Rep. B.R. Skelton of Pickens has introduced legislation to reform the CHEA in the South Carolina House, SC H3435.

“It would be an amendment to the current CHEA, and we've reviewed the bill, and it attacks three very specific issues,” Davidson said. “The compliance issue, which is making sure everyone fills out the paperwork so that we really know what's happening. It also tackles teacher training, which is phenomenal, to make sure teachers get the training they need to have these conversations for young people and that they get training every few years to keep their skills up to date.

“Then he's also taking into account the textbooks and materials and making sure those are medically accurate and updated regularly. Also that there is consistency through all of the districts and that they're all at the same level.”

The standards in the CHEA were updated in 1999, Laurence said, and Aiken County has adapted as needed.

“I don't know if we've really changed, but we have made sure all of our teachers have the knowledge and background they need,” he said. “ ... One thing that we've done, and I've noticed in the proposed changes to the law, is that they've struck the line about male and female students being taught separately. I think they're just getting rid of the requirement, but we've been doing that, and we have elementary schools that didn't have a male teacher, but they wanted someone to teach the boys. So we recruit from other schools or bring in someone with a background that can do it.”

However, the changes that were made previously and will continue to be made are necessary, he said.

“Obviously, over time, our society in general has changed. In '88, we were different from we are now,” Laurence said. “So we deal with a lot more health issues in general. But, certainly, the problems with teen pregnancy and STDs are more obvious to people now. People see it all around them, and we've tried to stay clear with it. I like the way the law and standards are written to make sure we have open conversations with students and that it centers on positive ways to prevent them. We stick to those standards, and when you start deviating from them is when you have problems.”

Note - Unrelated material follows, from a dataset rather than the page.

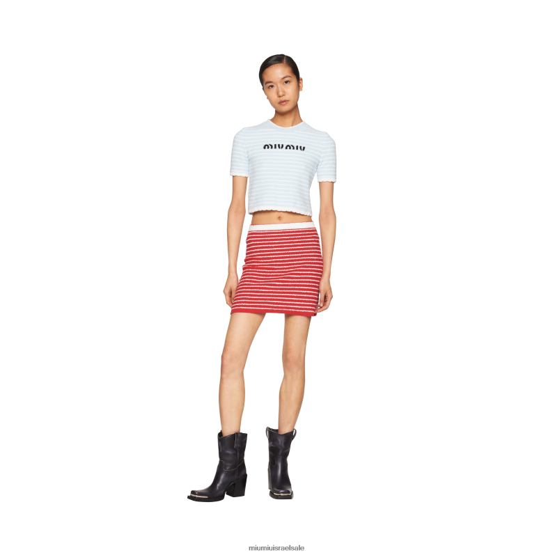 הסגנון המושך את העין של miu miu בא לידי ביטוי בסוודר הכותנה החדש הזה. מוטיב הפס מעניק לבגד סגנון עצבני ותוסס בעוד הלוגו של אינטארסיה משלים את העיצוב עם הערה ייחודית.
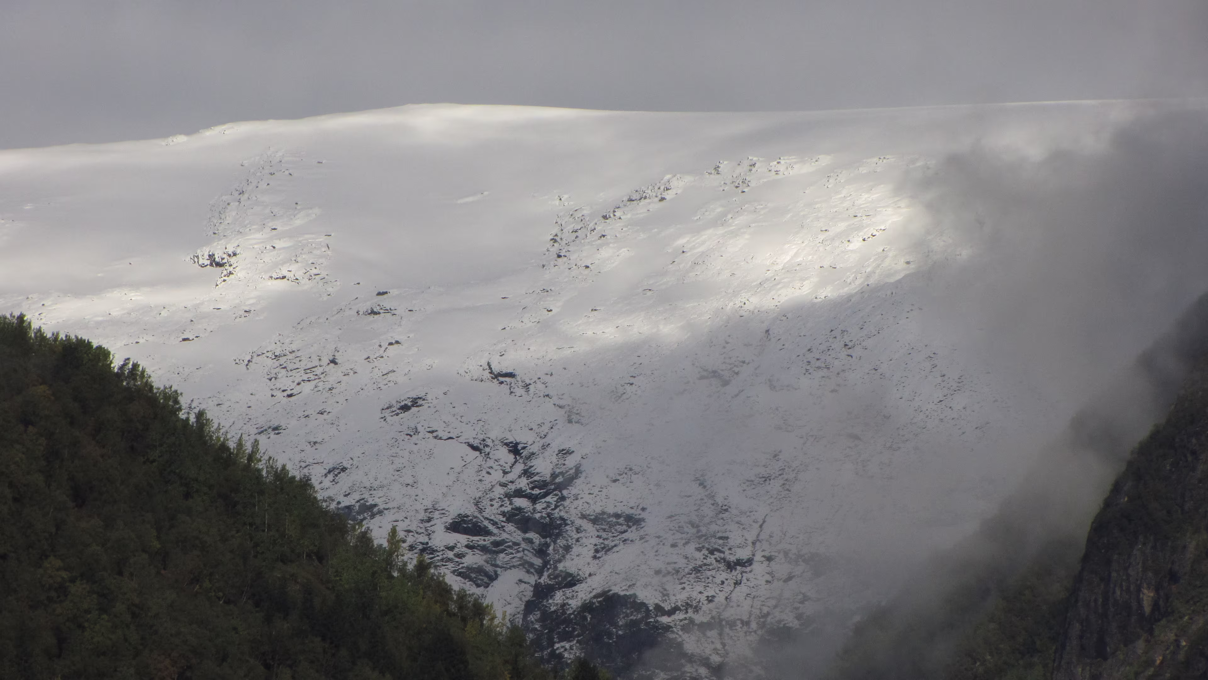Leider ist die Strecke zwischen Innvik und Olden gesperrt. Es gibt allerdings ein paar Zeitfenster am Tag, in der eine Passage möglich ist. Gelesen hatte ich von dieser Sperre in Byrkjelo, da war es kurz nach 12 Uhr, die Sperre sollte um 12:30 beginnen. Das könnte klappen dachte ich mir. Denn die Alternativen waren ein Höllenumweg oder warten bis das nächste Zeitfenster um 15 Uhr beginnt. Also etwas auf die Tube gedrückt und alles schien wunderbar zu laufen, Olden war nicht mehr weit und die Baustelle schien passiert, bis dann die Straße plötzlich doch gesperrt war. Da war es 12:40, zum Haareraufen. Jetzt über 2 Stunden warten, nee, also doch die Umleitung fahren, wieder auf eine Fähre warten, Sack-Zement. Gegen 15:30 war ich dann am Ziel.

Going forward, Davidson and Tell Them S.C. hope to continue educating the community.

“We have been holding forums throughout the state, one was in Greenville, one was in Clemson and we have our third in Columbia on Thursday and our fourth in Charleston,” she said. “They are really meant to bring the community together. ... What has been really wonderful is that we've had amazing panelists, and we've been able to broadcast them through our website, Facebook and Ustream.”

To view SC H3435, visit legiscan.com/SC/bill/H3435/2013.

To view and watch broadcasts of Tell Them S.C.'s forums, visit bit.ly/zzPtXi.

More on the CHEA

The Comprehensive Health Education Act was enacted in 1988. Its purpose was to ensure that South Carolina students received an age-appropriate, comprehensive education program developed with community control in compliance with the provisions of the law.

What students are taught:

Grades Kindergarten through Five (elementary school)

• Topics included in comprehensive health education are, among other things: community health, nutrition, personal health, dental health, growth and development and accident prevention.

• Age-appropriate instruction in reproductive health may be included at the discretion of the local school board. Discussion of the methods of contraception before the sixth grade is not permitted.

Grades Six through Eight (middle school)

• Health education MUST include all topics included in grades kindergarten through five in addition to environmental health, substance abuse, mental and emotional health, and reproductive health education. Information on sexually transmitted diseases is to be included.

• The local school board, guided by their local CHEA Advisory Committee may include instruction on family life education or pregnancy prevention.

Grades Nine through Twelve (high school)

•One time during their four years of high school, each student shall receive at least 12 hours (750 minutes) of reproductive health education and pregnancy prevention education as defined above.